2.DXによってビジネスモデルを変革(Netflixの事例)

3.先回りして価値設計を変化させる

 


1.アフターコロナの物流DX

 

アフターコロナの物流DXは、リアルでやっていたことのオンライン化ではなく、「オンラインを前提とした価値設計」が求められます。
これまでリアルでやっていたことにオンラインを付け足すのではなく、オンラインを前提としたゼロベースのビジネルモデルを設計
するのです。今後全てがオンラインになり、オフラインがなくなる時代に向けて、自社が提供する価値を見直ししなければならない
のです。この場合、リアルは手段の一つになります。

イメージが湧かないという方もいらっしゃると思いますので、分かり易い例を挙げます。例えば、ハンコ業務を考えてみましょう。
これまでリアルで行っていたハンコ業務がオンライン化されると、電子ハンコ承認になります。最近の電子ハンコ承認のシステムは、
「お辞儀押し」にも対応しているそうです。凝ったものになると、お辞儀の角度も調節できるとか。余談でした。

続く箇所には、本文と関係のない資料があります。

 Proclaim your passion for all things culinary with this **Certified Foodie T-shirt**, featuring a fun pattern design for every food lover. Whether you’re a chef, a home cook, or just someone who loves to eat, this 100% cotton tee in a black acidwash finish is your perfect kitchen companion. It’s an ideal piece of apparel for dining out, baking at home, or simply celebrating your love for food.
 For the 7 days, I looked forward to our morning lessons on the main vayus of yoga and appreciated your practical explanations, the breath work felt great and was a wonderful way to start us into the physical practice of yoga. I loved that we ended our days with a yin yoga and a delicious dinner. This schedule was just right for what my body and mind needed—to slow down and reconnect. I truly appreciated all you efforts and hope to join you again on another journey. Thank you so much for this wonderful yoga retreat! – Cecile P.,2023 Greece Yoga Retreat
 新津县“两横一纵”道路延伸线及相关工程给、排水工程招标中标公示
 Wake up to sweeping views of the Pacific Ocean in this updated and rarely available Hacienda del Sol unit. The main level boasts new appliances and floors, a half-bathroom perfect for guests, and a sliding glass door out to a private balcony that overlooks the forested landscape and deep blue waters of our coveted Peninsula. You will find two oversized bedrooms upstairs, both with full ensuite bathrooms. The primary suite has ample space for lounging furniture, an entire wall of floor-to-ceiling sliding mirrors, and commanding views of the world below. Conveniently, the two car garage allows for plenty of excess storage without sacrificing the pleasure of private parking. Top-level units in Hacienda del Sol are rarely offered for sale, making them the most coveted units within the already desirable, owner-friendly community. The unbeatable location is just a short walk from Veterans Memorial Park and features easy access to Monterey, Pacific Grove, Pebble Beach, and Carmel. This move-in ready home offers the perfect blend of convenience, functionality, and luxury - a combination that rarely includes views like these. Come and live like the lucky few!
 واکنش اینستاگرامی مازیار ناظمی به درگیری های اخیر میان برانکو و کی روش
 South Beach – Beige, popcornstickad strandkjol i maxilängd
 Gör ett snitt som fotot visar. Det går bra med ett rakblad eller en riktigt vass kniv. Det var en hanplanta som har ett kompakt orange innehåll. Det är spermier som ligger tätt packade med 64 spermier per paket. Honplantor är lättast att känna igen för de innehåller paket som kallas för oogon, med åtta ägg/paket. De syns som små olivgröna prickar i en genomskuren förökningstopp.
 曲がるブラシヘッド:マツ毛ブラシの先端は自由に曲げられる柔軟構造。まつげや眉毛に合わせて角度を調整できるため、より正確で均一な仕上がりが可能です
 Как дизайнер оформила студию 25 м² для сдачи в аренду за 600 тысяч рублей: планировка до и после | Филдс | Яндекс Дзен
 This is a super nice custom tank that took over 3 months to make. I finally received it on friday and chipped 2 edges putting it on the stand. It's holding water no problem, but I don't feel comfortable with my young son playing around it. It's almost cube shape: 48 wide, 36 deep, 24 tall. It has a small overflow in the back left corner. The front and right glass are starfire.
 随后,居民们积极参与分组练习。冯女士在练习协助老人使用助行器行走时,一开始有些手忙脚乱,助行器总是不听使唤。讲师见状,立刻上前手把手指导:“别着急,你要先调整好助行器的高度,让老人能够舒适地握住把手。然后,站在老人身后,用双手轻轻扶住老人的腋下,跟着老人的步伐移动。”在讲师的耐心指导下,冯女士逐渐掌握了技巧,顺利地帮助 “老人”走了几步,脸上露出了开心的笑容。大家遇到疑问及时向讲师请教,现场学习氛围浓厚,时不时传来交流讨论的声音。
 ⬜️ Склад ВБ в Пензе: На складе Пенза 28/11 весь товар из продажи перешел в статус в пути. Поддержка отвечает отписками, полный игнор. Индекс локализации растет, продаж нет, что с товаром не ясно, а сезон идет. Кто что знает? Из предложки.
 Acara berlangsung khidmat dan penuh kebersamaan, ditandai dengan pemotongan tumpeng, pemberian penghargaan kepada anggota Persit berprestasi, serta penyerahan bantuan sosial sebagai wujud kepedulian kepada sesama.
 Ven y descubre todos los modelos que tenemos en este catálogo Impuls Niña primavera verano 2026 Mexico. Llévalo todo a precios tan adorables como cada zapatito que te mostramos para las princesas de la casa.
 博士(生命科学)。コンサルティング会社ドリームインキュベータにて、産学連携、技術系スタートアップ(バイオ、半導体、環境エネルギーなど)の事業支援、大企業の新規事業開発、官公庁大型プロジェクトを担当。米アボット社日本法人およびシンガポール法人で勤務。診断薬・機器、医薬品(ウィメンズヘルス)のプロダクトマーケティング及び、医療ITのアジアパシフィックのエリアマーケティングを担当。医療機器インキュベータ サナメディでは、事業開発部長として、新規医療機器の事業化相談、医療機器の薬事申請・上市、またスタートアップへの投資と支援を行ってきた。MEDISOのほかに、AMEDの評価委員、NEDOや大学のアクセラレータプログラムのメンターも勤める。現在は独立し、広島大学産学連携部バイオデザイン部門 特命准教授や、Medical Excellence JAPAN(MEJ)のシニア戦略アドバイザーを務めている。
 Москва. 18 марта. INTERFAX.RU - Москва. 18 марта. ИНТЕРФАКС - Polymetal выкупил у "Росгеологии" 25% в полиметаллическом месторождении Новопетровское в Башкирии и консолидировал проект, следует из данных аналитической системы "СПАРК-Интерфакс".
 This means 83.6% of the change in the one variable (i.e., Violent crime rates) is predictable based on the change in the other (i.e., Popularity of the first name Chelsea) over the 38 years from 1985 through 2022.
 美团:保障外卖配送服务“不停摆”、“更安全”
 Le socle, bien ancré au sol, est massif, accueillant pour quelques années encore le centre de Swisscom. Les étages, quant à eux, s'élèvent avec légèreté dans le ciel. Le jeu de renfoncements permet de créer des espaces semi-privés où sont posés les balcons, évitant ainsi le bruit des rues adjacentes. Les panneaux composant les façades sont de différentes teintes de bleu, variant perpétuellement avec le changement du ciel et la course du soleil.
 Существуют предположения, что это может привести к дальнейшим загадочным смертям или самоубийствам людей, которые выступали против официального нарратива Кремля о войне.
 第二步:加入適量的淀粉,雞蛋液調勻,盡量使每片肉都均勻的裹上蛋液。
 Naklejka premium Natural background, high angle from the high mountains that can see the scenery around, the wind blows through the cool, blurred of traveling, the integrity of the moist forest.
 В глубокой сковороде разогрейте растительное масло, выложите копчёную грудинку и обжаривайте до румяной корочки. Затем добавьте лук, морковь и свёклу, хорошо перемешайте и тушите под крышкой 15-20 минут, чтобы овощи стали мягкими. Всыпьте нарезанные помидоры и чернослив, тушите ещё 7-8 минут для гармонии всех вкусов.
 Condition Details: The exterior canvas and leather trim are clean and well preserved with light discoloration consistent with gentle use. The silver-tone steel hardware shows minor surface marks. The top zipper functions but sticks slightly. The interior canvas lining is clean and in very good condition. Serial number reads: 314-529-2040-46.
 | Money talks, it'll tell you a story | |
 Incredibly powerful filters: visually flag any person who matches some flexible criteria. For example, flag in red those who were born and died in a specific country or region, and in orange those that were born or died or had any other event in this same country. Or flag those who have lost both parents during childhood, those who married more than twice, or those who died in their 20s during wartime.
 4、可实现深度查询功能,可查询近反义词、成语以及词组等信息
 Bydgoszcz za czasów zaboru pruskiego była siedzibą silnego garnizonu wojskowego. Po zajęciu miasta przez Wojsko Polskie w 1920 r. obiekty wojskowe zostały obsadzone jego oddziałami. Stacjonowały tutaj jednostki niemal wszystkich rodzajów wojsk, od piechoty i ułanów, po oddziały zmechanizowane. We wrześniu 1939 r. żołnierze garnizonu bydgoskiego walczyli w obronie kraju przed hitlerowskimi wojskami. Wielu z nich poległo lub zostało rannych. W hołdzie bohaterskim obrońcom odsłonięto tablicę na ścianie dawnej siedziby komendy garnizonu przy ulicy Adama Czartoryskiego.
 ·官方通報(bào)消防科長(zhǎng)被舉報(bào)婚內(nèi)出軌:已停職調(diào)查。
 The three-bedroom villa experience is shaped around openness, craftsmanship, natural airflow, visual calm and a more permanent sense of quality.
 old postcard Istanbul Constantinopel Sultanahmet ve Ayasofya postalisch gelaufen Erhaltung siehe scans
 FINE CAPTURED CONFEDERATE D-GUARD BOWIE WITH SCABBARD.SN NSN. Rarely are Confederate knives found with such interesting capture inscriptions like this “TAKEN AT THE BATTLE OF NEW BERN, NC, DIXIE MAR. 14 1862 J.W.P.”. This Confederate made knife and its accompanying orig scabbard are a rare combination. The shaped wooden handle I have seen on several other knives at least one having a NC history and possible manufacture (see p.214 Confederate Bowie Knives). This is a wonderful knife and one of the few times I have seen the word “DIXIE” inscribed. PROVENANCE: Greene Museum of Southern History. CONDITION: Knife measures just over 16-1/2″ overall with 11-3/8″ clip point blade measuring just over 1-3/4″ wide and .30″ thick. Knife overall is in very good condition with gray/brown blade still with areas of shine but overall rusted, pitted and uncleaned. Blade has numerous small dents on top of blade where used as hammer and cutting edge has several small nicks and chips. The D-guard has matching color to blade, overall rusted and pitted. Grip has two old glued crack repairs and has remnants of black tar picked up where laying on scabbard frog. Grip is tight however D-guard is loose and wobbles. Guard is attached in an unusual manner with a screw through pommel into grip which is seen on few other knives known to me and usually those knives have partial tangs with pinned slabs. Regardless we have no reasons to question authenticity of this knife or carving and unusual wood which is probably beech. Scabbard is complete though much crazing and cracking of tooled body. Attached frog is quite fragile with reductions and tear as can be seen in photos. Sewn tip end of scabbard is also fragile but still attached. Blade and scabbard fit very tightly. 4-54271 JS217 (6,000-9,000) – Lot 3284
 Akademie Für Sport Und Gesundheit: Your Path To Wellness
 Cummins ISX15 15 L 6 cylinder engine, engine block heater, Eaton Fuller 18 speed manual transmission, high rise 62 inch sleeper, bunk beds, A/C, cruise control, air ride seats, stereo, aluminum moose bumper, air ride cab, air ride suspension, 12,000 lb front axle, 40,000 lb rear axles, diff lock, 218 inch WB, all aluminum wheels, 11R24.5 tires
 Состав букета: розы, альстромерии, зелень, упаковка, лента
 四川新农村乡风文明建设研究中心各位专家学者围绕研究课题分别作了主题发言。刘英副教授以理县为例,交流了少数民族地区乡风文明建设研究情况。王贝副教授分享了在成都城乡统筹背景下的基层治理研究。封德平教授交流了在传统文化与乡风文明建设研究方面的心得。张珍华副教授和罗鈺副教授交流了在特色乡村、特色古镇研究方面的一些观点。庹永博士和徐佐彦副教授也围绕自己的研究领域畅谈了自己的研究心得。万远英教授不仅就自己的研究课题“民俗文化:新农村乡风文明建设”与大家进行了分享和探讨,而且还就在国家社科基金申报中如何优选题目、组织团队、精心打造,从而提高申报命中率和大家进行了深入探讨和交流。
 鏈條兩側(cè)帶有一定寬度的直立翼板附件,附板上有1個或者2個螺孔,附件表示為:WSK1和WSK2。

では、このハンコ業務を「オンラインを前提とした価値設計」で考えるとどんなアイディアが浮かぶでしょうか。皆さんも考えてみて
下さい。私が考えたのは、「オフィスのない会社で全員がリモートワークをしており、無駄な承認業務や稟議等は一切排除して、
本当にハンコが必要なものは、リアルに捺印する」というものです。これだと、リアルなハンコが重要な書類を明示する手段の一つ
になります。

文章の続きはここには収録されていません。